Re: sum of 4 consecutive positive integers [#permalink]
28 Sep 2009, 21:49

1

This post received KUDOS

4X+6=5k

1, x is odd, no hint, wrong

2, none of x-> x+3 is divisible by 5, If not

x is divisible by 5 then 4x+6 divides 5 remains 1 not 0 x+1 is ............5 then sum=4(x+1)+2 divides 5 remains 2 not 0 x+2 is ............5 then sum=4(x+2)-2 divides 5 remains 3 not 0 x+3 is.............5 then sum=4(x+3)-6 divides 5 remains 4 not 0

2 is right

3, 1 Number with the digit is 3, the other should be ended with + 0,1,2 then sum =10k+6 not divisible by 5 + 1,2,4 then sum =10K+10 divisible by 5 these above enough to answer + 2,4,5 then + 4,5,6

Re: sum of 4 consecutive positive integers [#permalink]
29 Sep 2009, 04:14

1

This post received KUDOS

tejal777 wrote:

If the sum of 4 consecutive positive integers is divisible by 5, which of the following must be true?

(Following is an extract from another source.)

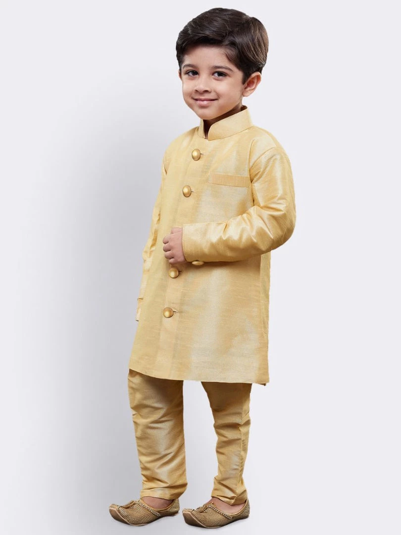 Golden solid kurta with pajama, Golden straight knee-length kurta, has a mandarin collar, long sleeves, straight hem, side slits, with one pocket.

I. The smallest integer is odd

II. None of the integers is divisible by 5

III. One of the integers has 3 as its units digit

Got this one right however was wondering if anybody knows how to proceed the algabraic way..

I typically think in terms of remainders. If x = 5*k+y (where y = 0,1,2,3 or 4; sometimes I use y = -2,-1,0,1,2). In the above problem x can be replaced with y. it's pretty obvious that the neither of the 4 numbers can be divisible by 5. Otherwise, 4 options -2,-1,0,1 or -1,0,1,2 or 0,1,2,3 (-2) or -3(2), -2,-1,0. clearly, neither of those options work. necessary and sufficient condition is: neither of the 4 numbers is divisible by 5.

I. The smallest integer is odd -> false (6,7,8,9)

II. None of the integers is divisible by 5 -> true (from above)

III. One of the integers has 3 as its units digit -> false (6,7,8,9)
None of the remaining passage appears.